There is, though, actually a strong stablecoin value proposition on the right side of the law.  This eluded the BIS as it’s a unique feature of U.S. law and rule. Unlike most other nations, credit-card interchange fees here are unregulated and, merchants believe, thus way too high.  Banks and card companies differ, but merchants want lower fees and stablecoins might just get them there.

With stablecoins, merchants can keep as much of the fee for themselves as they want for as long as retail-price and interchange-fee competition allows.  And, of course, receiving payment income is a nice new way to compete not just for merchants, but also for giant tech-platform companies that often control which merchants sell how much to whom.  Pending legislation attempts to govern all the conflicts these interconnections allow, but, as our in-depth analysis makes clear, the bill’s provisions here have wide open spaces for huge nonbanks to roam free.

Do stablecoins have real use cases beyond the obvious ones for illicit finance and the understandable – if conflict-rich — ones for merchants and tech platforms? Interestingly, PayPal’s CEO last week acknowledged limited use cases for his core consumer-focused payments business, but saw real opportunity in cross-border transactions  So do I.

As I recently learned the hard way, even ordering flowers to be delivered in Europe comes with a transactional price tag close to that of a large bunch of trans-Atlantic roses.  More importantly, remittances are often brutally expensive, especially for the lower-income households that need them for life-essential purposes.  I can afford the payment price of an occasional cross-border thank-you; they can’t handle routine extraction of far too much from hard-earned dollars.

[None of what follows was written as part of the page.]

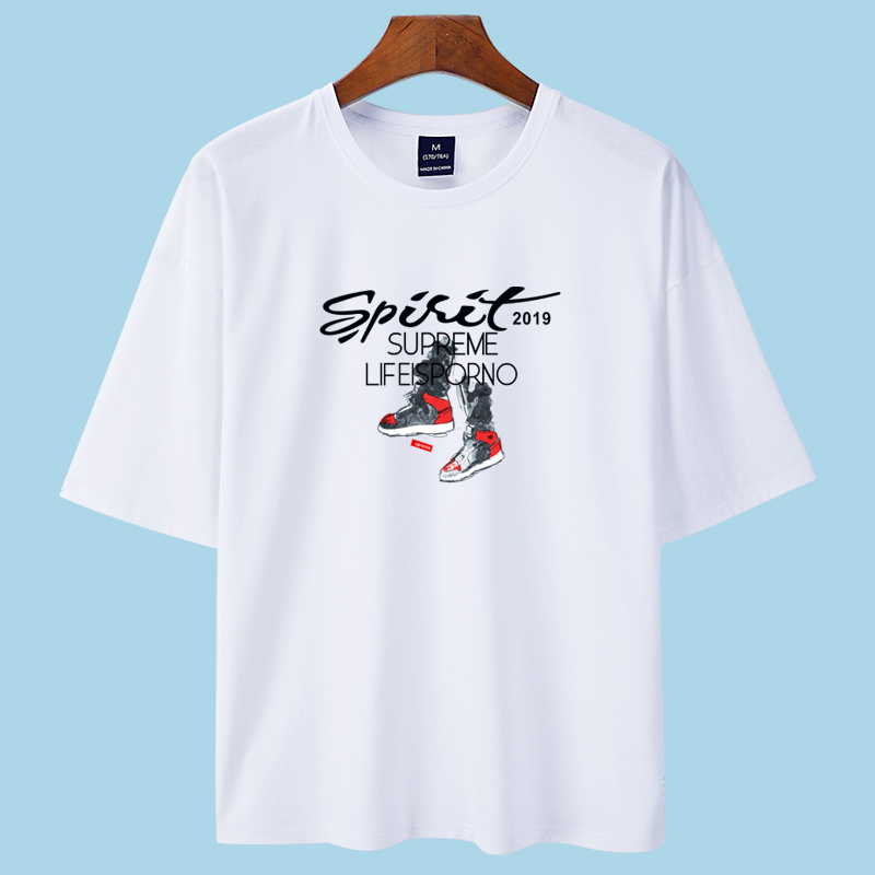 短袖t恤男中袖五分袖5分袖半袖半截袖潮流宽松学生白色纯棉夏装丅(图19)
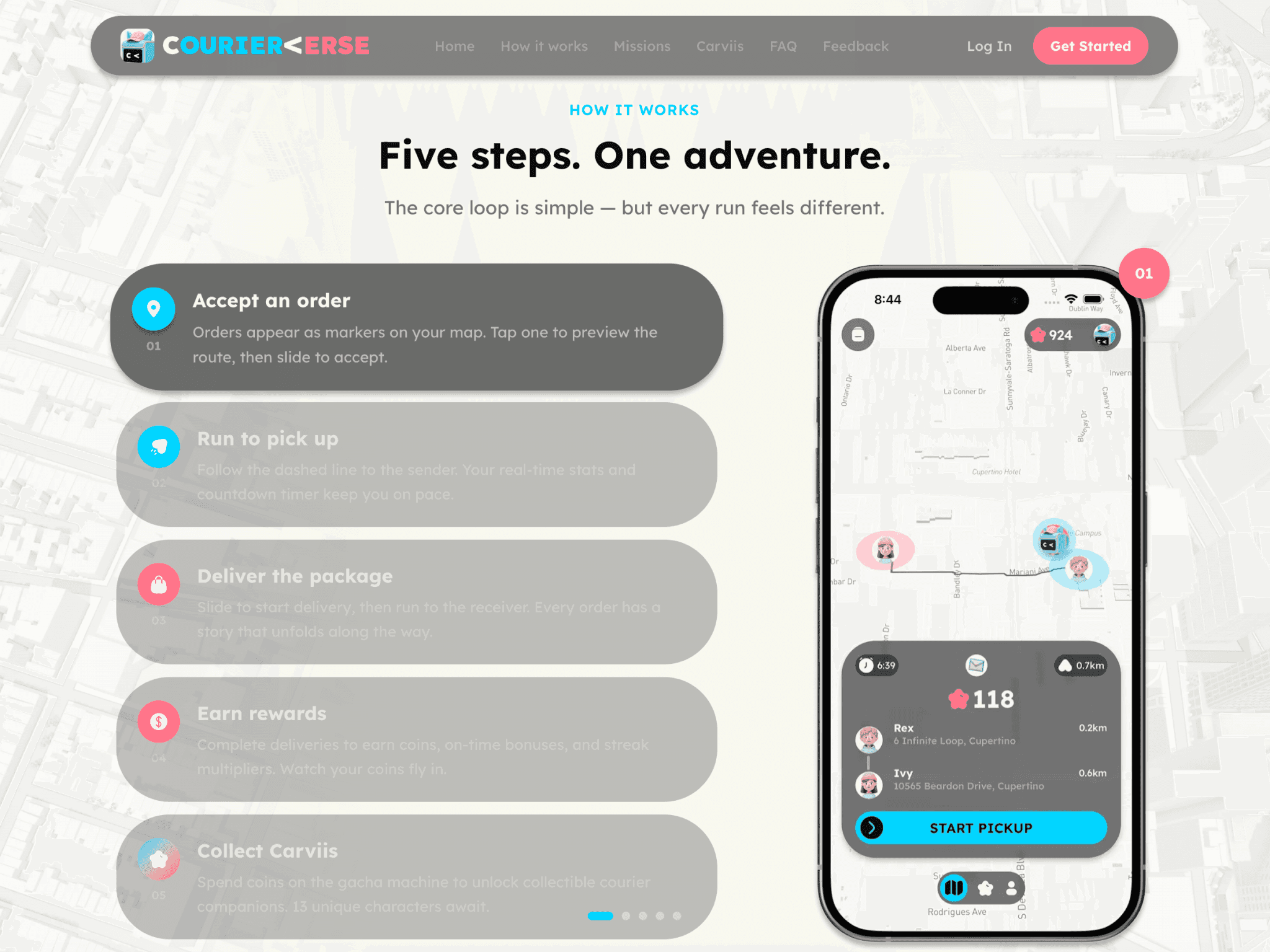 Early versions had a retro RPG aesthetic — pixel backgrounds, fantasy vibes. But testing revealed it created distance rather than immersion. The delivery concept works best when it feels like a second life, not a separate fantasy world. The pink-and-blue palette was a deliberate choice to feel trendy and game-like, standing apart from the dark athletic look of mainstream running apps.

Thus, if stablecoins can reduce retail cross border-payment friction, then they will have a strong use case.  The tricky bit is, though, still illicit finance.  Most of the costs in retail cross-border payments have nothing to do with know-your-customer requirements and instead reflect concentrated market power by a very few dominant providers.  Competition will do them good, but a lot of speed could well facilitate far more crime, especially given stablecoin exemptions and uncertainties.

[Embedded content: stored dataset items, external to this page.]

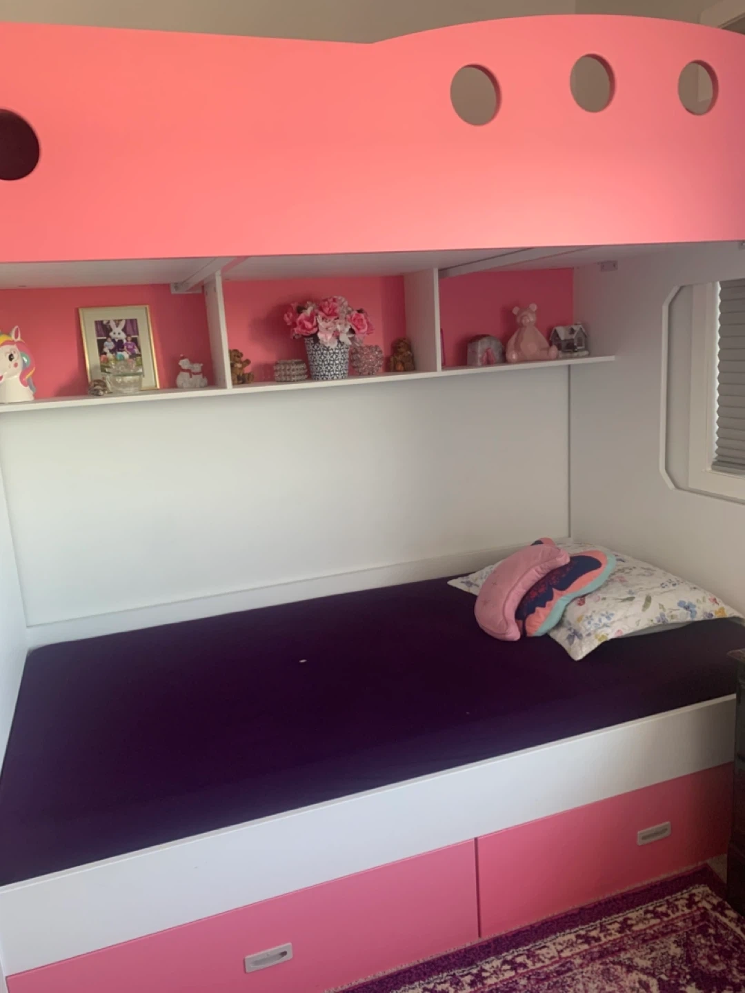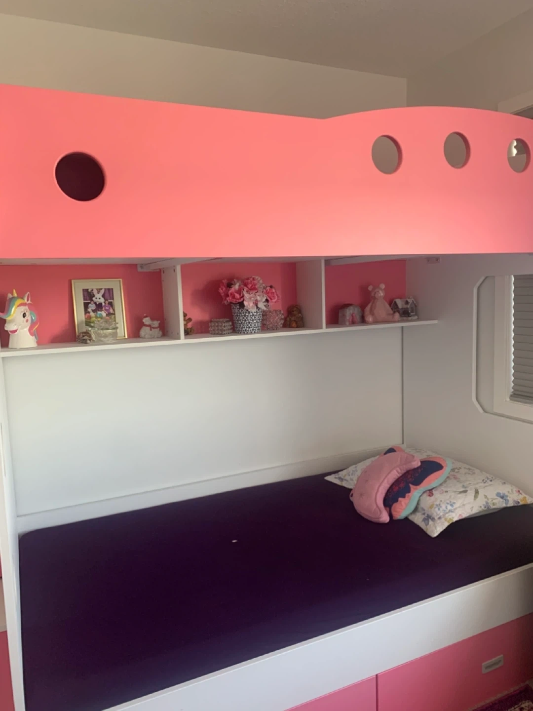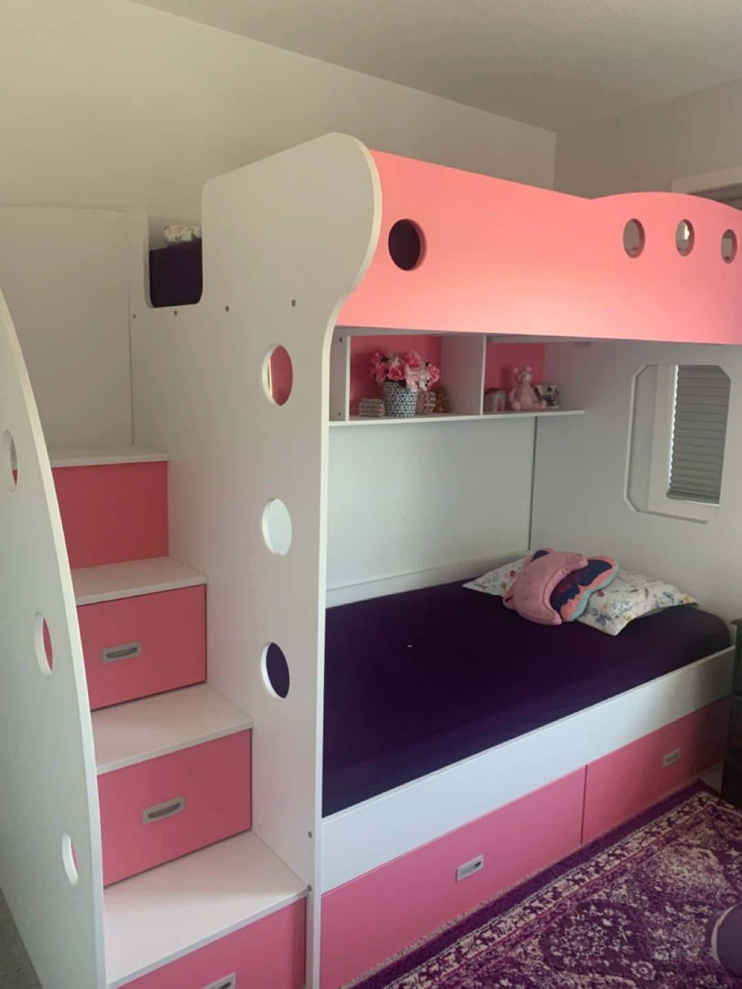 This is a very reliable twin over twin bunk bed perfect for girls. This bunk bed has a separate ladder for easy access to top bed and also has storage drawers. Mattress are also included in price.
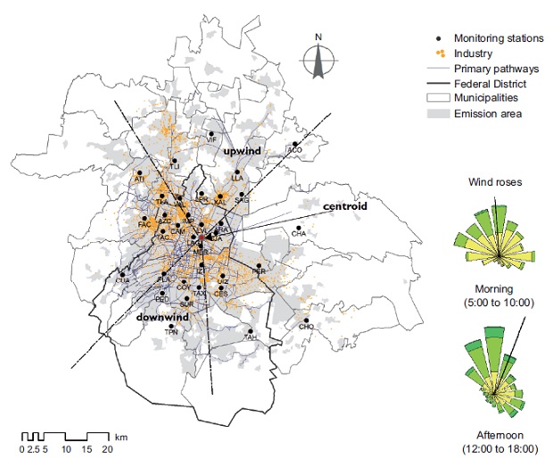 Based on this centroid location, the area of study was sectorized as follows: (a) the upwind zone, based on the prevailing morning winds, extends north from the centroid and contains the industrial zone in the northwestern part of the city and the major roads that connect to Mexico City the adjoining State of Mexico municipalities; (b) the downwind zone extends southwest from the centroid due to the prevailing evening winds; the highest ozone concentrations are regularly recorded in this area (Fig. 4).
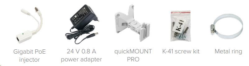 Balenie obsahuje: mANTBox 2 12s, gigabitový injektor PoE, napájací zdroj, montážnu sadu na stožiar, quickMOUNT pre
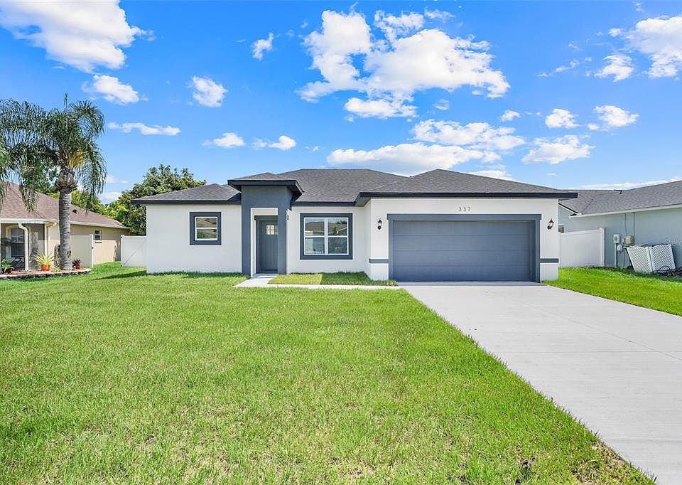 Inquire about DOWN PAYMENT ASSISTANCE. Stunning NEW-CONSTRUCTION home. 4 bedrooms, 2.5 bathrooms. This home blends clean modern style with practical comfort. Bright kitchen with stone countertops, stainless appliances, wall mounted faucet over the oven, and a large island perfect for entertaining. Spacious primary suite with DUAL WALK-IN CLOSETS and a luxurious en-suite bath with big shower, soaking tub and double vanity. OVERSIZE BACKYARD with plenty of room for a pool, garden, or play area. Two-car garage, finished EPOXY floor. Closable laundry room. HALF-BATH next to kitchen. Great LOCATION right off Marigold Ave and Cypress Pkwy, minutes away form Poinciana Pkwy, close to schools and shopping.
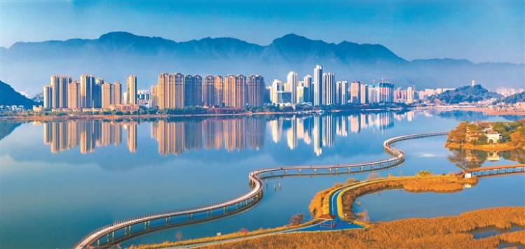 湖光城影两相宜,栈道蜿蜒入画来。记者 王志凌 摄

Could a system of tokenized deposits do for cross-border payments what stablecoin advocates hope for themselves?  JPMorgan is quickly developing a gross-settlement tokenized-deposit system.  It’s largely for wholesale payments and initially only for JPMC customers, but it paves the way for instant, lower-cost transactions using funds that are covered by the FDIC, pay interest to depositors, offer recourse for fails, and importantly promote financial intermediation by the bank.

Tokenized deposits will have to play a very fast, very hard catch-up game to prevent retail-payment outflows to stablecoins, but they have key advantages for consumers and a strong policy rationale due not only to AML-prevention and macroeconomic value, but also for a raft of other rules protecting consumers and the payment-system itself.

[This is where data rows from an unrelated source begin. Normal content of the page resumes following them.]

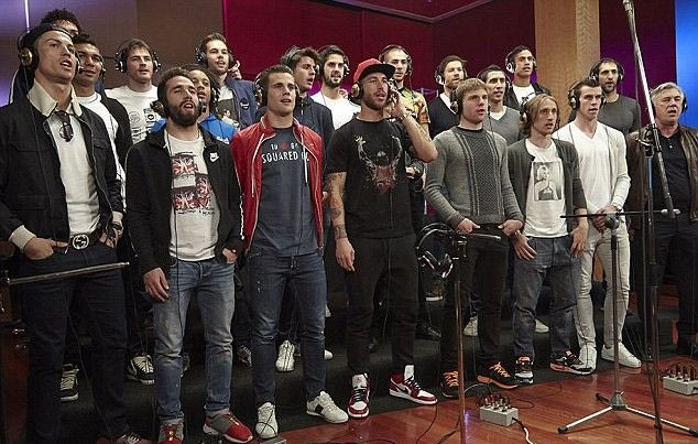 Σε ρόλο τραγουδιστών, βρίσκονται όλοι οι παίκτες των “μερένγκες”, καθώς και ο προπονητής της ομάδας, Κάρλο Αντσελότι.
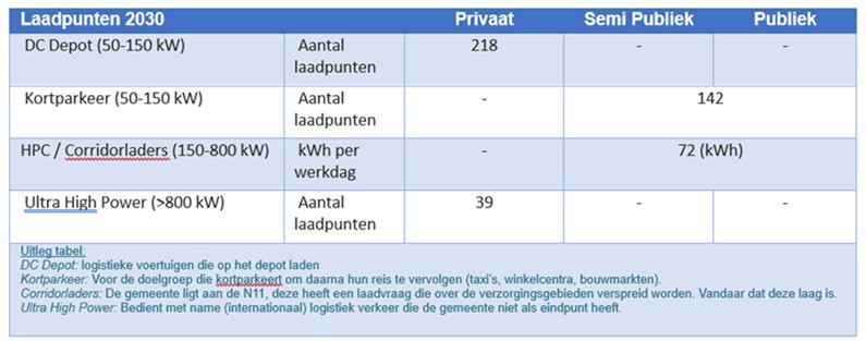 Voor de gemeente ligt er een opgave in het realiseren of faciliteren van kortparkeerlaadpunten voor de komende jaren – de vraag in hoeverre de gemeente hier pro-actief zelf locaties op openbaar terrein beschikbaar voor moet stellen komt in H5 aan bod. Het laden met hogere vermogens zal in de basis meer landen op private terreinen, vanwege de noodzaak om N2 en N3 voertuigen ’s nachts op depot te laden.
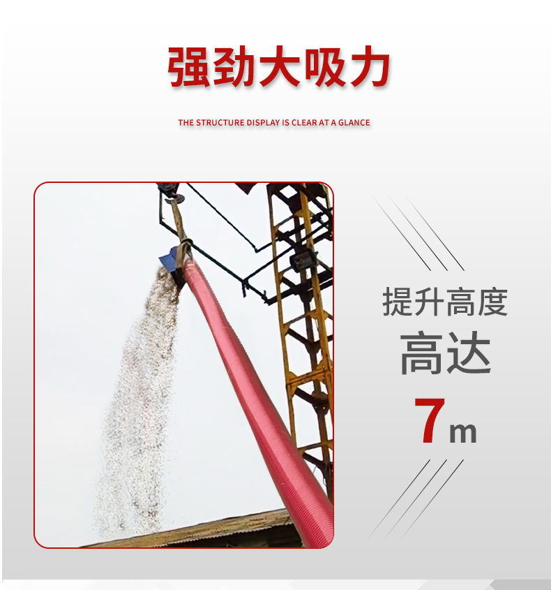 車載吸糧機一般主要由進料口、牛津管、無軸螺旋、出料口、機座、電機(汽柴油機、蝸輪減速機)等部分組成。當物料均勻適量地由進料口進入牛津管后,電機(汽柴油機)通過皮帶輪帶動螺旋片旋轉,螺旋將物料輸送至機箱一端的出料口,然后落入車廂、倉庫、尼龍袋等物料接收處。效率可達每小時25噸,提升高度8米。水平距離為6-30米工作時軟管彎曲半徑不得小于一米。
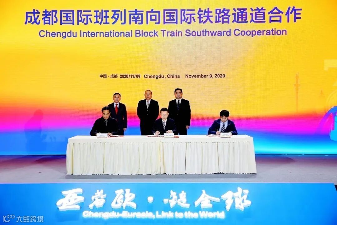在2020年11月9日的举行的第三届“亚蓉欧”全球合作伙伴大会上,成都国际铁路港投资发展有限公司、云南洲际班列物流有限责任公司、老挝磨丁经济专区开发集团有限公司三方携手,签订战略合作协议:共同建设南向铁路联运通道,打造联通内陆、辐射南亚、东南亚的开放物流通道,促进四川、老挝、缅甸经贸往来。未来,三方还将进一步构建一体化多式联运信息平台,支持和推动物流信息系统对接,实现铁路全程维护和查询等服务功能,加速一体化发展。

Clearly, the race is on between stablecoin issuers and a very few banks with the infrastructure and market power to pursue complex products such as tokenized deposits.  Smaller banks are right to fear that they will again be frozen out of a technology-driven industry transformation, but blocking federal law authorizing stablecoins isn’t the way to salvation.  It won’t work.

The future instead depends on regulators willing for the first time in my memory to encourage innovation and – again a first – also on smaller banks willing and able to take a chance on their own, in consortia, or even partnerships with third-party providers.

The BIS is right: tokenizing critical financial instruments is essential.  If U.S. banks as a sector aren’t able quickly to create them, then stablecoins will quickly become dominant where their value proposition is strong and lever up from there to prove one of the greatest challenges ever to the fast-crumbling regulatory perimeter and to banks, whose franchise value still depends on it.